I know the games, but I lost touch with the finer details of the computers years ago – I couldn't hold down my job and at the same time keep up with such a fast-developing field as computers turned out to be.The advice that I received from experts I trust was that for games, changing the compatibility might help, but you couldn't trust it completely. Games programmers try to wring the last ounce of performance out of the machines, and almost always make use of borderline machine capabilities which are poorly documented or not documented at all. I used them myself back in the days of MS-DOS. All I can say is that Mok's patches were designed to help MM6-8 to run more reliably under the XP operating system.
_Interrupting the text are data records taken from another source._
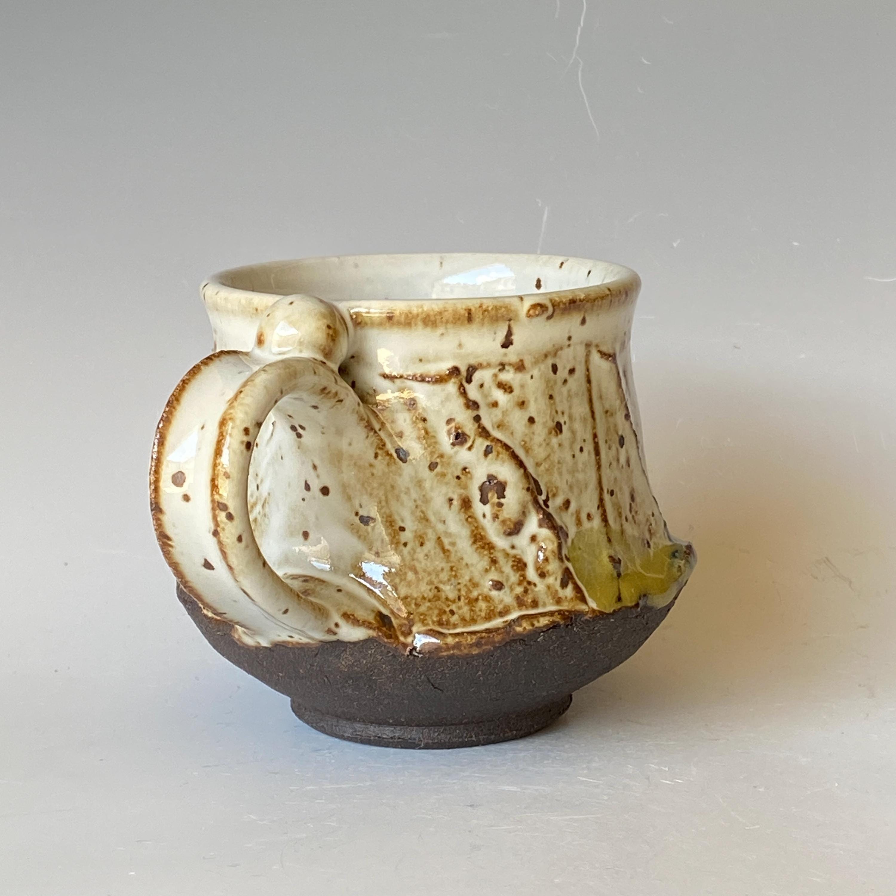 ATTENTION: This Mug is throw from a type of clay with good amount of sand in it, which creates a rough surface on areas that left un-glazed.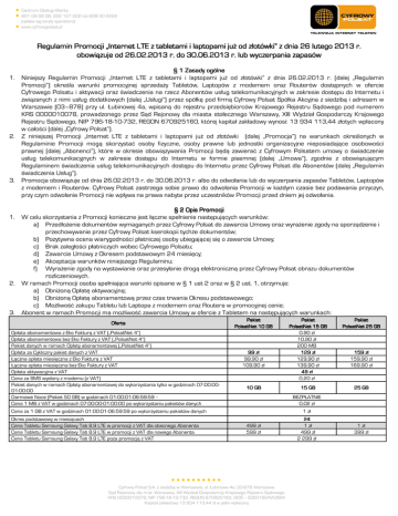 Centrum Obsługi Klienta 801 08 08 08, 222 127 222 lub 699 00 2222 (opłata wg taryfy operatora) www.cyfrowypolsat.pl Regulamin Promocji „Internet „Internet LTE z tabletami i laptopami już od złotówki” złotówki” z dnia 26 lutego 2013 r. obowiązuje od 26.02 26.02.2013 .02.2013 r. do 30.06.2013 r. lub wyczerpania zapasów § 1 Zasady ogólne 1. Niniejszy Regulamin Promocji „Internet LTE z tabletami i laptopami już od złotówki” z dnia 26.02.2013 r. (dalej „Regulamin Promocji”) określa warunki promocyjnej sprzedaży Tabletów, Laptopów z modemem oraz Routerów dostępnych w ofercie Cyfrowego Polsatu i aktywacji oraz świadczenia na rzecz Abonentów usług telekomunikacyjnych w zakresie dostępu do Internetu i związanych z nimi usług dodatkowych (dalej „Usługi”) przez spółkę pod firmą Cyfrowy Polsat Spółka Akcyjna z siedzibą i adresem w Warszawie (03–878) przy ul. Łubinowej 4a, wpisaną do rejestru przedsiębiorców Krajowego Rejestru Sądowego pod numerem KRS 0000010078, prowadzonego przez Sąd Rejonowy dla miasta stołecznego Warszawy, XIII Wydział Gospodarczy Krajowego Rejestru Sądowego, NIP 796-18-10-732, REGON 670925160, której kapitał zakładowy wynosi: 13 934 113,44 złotych wpłacony w całości (dalej „Cyfrowy Polsat”). 2. Z niniejszej Promocji „Internet LTE z tabletami i laptopami już od złotówki (dalej „Promocja”) na warunkach określonych w Regulaminie Promocji mogą skorzystać osoby fizyczne, osoby prawne lub jednostki organizacyjne nieposiadające osobowości prawnej (dalej „Abonenci”), które w okresie obowiązywania Promocji będą zawierać z Cyfrowym Polsatem umowy o świadczenie usług telekomunikacyjnych w zakresie dostępu do Internetu w formie pisemnej (dalej „Umowa”), zgodnie z obowiązującym Regulaminem świadczenia usług telekomunikacyjnych dostępu do Internetu przez Cyfrowy Polsat dla Abonentów (dalej „Regulamin świadczenia Usług”). 3. Promocja obowiązuje od dnia 26.02.2013 r. do 30.06.2013 r. albo do odwołania lub do wyczerpania zapasów Tabletów, Laptopów z modemem i Routerów. Cyfrowy Polsat zastrzega sobie prawo do odwołania Promocji w każdym czasie bez podawania przyczyn, przy czym odwołanie Promocji nie wpływa na prawa nabyte przez uczestników Promocji przed dniem jej odwołania. § 2 Opis Promocji 1. W celu skorzystania z Promocji konieczne jest łączne spełnienie następujących warunków: a) Przedłożenie dokumentów wymaganych przez Cyfrowy Polsat do zawarcia Umowy oraz wyrażenie zgody na sporządzenie i przechowywanie przez Cyfrowy Polsat kserokopii tychże dokumentów; b) Pozytywna ocena wiarygodności płatniczej osoby ubiegającej się o zawarcie Umowy; c) Brak zaległości płatniczych wobec Cyfrowego Polsatu; d) Zawarcie Umowy z Okresem podstawowym 24 miesięcy; e) Akceptacja warunków niniejszego Regulaminu; f) Wyrażenie zgody na wystawianie oraz przesyłanie drogą elektroniczną przez Cyfrowy Polsat obrazu dokumentów rozliczeniowych. 2. W ramach Promocji osoba spełniająca warunki opisane w § 1 ust 2 oraz w § 2 ust. 1, otrzymuje: a) Obniżoną Opłatę aktywacyjną; b) Obniżoną Opłatę abonamentową przez czas trwania Okresu podstawowego; c) Możliwość zakupu Tabletu lub Laptopa z modemem oraz Routera w promocyjnej cenie; 3. Abonent w ramach Promocji ma możliwość zawarcia Umowy w ofercie z Tabletem na następujących warunkach: Pakiet Pakiet PolsatNet 10 GB Oferta Opłata abonamentowa z Eko Fakturą z VAT („PolsatNet 4”) Opłata abonamentowa bez Eko Faktury z VAT („PolsatNet 4”) Pakiet danych w ramach Opłaty abonamentowej („PolsatNet 4”) Opłata za Cykliczny pakiet danych z VAT Łączna opłata miesięczna z Eko Fakturą z VAT Łączna opłata miesięczna bez Eko Faktury z VAT Opłata aktywacyjna z VAT Cena za SMS wysłany z modemu (z VAT) Pakiet danych w ramach Opłaty abonamentowej do wykorzystania tylko w godzinach 07:00:0001:00:00 Darmowe Noce (Pakiet 50 GB) w godzinach 01:00:01-06:59:59 Cena 1 MB z VAT w godzinach 07:00:00-01:00:00 po wykorzystaniu pakietów danych 99 zł 99,90 zł 109,90 zł 10 GB Pakiet PolsatNet 25 25 GB 15 GB 25 GB 159 159 zł 159,90 zł 169,90 zł BEZPŁATNIE 0,02 zł 1) Cena za 1 GB z VAT w godzinach 01:00:01-06:59:59 po wykorzystaniu pakietów danych Okres podstawowy w miesiącach Cena Tabletu Samsung Galaxy Tab 8.9 LTE w promocji z VAT dla obecnego Abonenta Cena Tabletu Samsung Galaxy Tab 8.9 LTE w promocji z VAT dla nowego Abonenta Cena Tabletu Samsung Galaxy Tab 8.9 LTE poza promocją z VAT Pakiet PolsatNet 15 GB 0,90 zł 10,90 zł 200 MB 129 129 zł 129,90 zł 139,90 zł 49 zł 0,20 zł 1 zł 499 zł 599 zł Cyfrowy Polsat S.A. z siedzibą w Warszawie, ul. Łubinowa 4a, 03-878 Warszawa Sąd Rejonowy dla m.st. Warszawy, XIII Wydział Gospodarczy Krajowego Rejestru Sądowego KRS 0000010078, NIP 796-18-10-732, REGON 670925160, GIOŚ – E0001824WZBW Kapitał zakładowy 13 934 113,44 zł w pełni wpłacony 24 1 zł 499 zł 2 299 zł 1 zł 399 zł Centrum Obsługi Klienta 801 08 08 08, 222 127 222 lub 699 00 2222 (opłata wg taryfy operatora) www.cyfrowypolsat.pl Pakiet Pakiet PolsatNet PolsatNet 2 GB PolsatNet 6 GB 0,90 zł 10,90 zł 200 MB 49 zł 79 zł 49,90 zł 79,90 zł 59,90 zł 89,90 zł 49 zł 0,20 zł Oferta Opłata abonamentowa z Eko Fakturą z VAT („PolsatNet 4”) Opłata abonamentowa bez Eko Faktury z VAT („PolsatNet 4”) Pakiet danych w ramach Opłaty abonamentowej („PolsatNet 4”) Opłata za Cykliczny pakiet danych z VAT Łączna opłata miesięczna z Eko Fakturą z VAT Łączna opłata miesięczna bez Eko Faktury z VAT Opłata aktywacyjna z VAT Cena za SMS wysłany z modemu (z VAT) Pakiet danych w ramach Opłaty abonamentowej do wykorzystania tylko w godzinach 07:00:00-01:00:00 2 GB Darmowe Noce (Pakiet 50 GB) w godzinach 01:00:01-06:59:59 Cena 1 MB z VAT w godzinach 07:00:00-01:00:00 po wykorzystaniu pakietów danych Cena za 1 GB z VAT w godzinach 01:00:01-06:59:59 po wykorzystan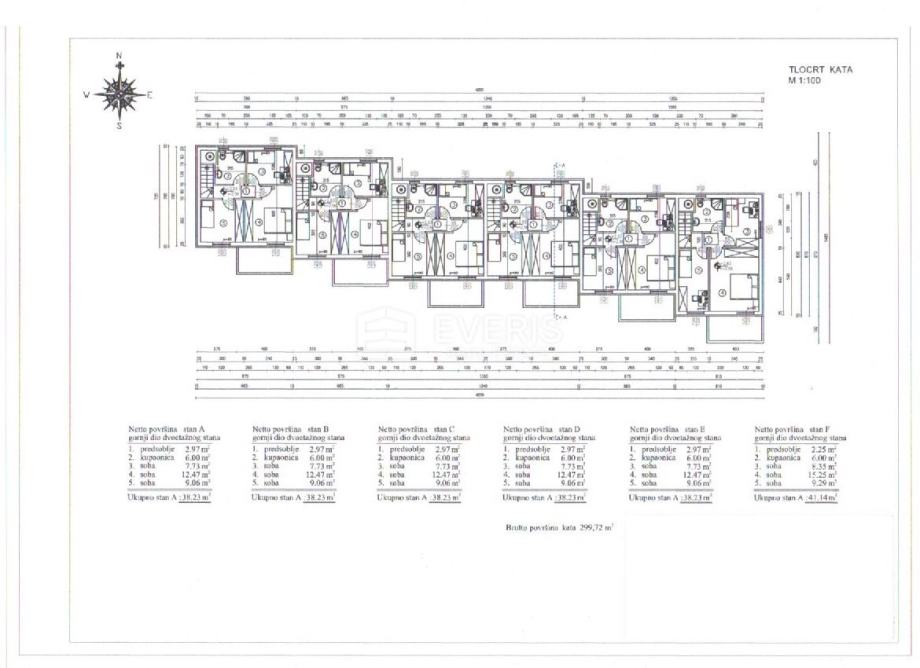 Kat površine 41,14 m2 se sastoji od tri spavaće sobe, kupaonica i predsoblje

They weren't quite 100% – we did come across a couple of people that the patches didn't help – but they were damn' good.
So I would guess that a Mok-patched game combined with XP compatibility would probably give you the best chance of running the games, but I can't guarantee it'll work.
As computers advance, they get further and further away from the operating systems these games were designed to run under. For example, I still have the discs to install a Win98 operating system (which is what most of the later MM games were designed to run under), but I can't install Win98 at all on my current equipment. That's why I've kept some of my old boxes. I still dig out my vintage 1999 laptop occasionally to run MM6-8 on a fully compatible machine – it's the only computer I've got which will still let me find all the treasures hidden in these games.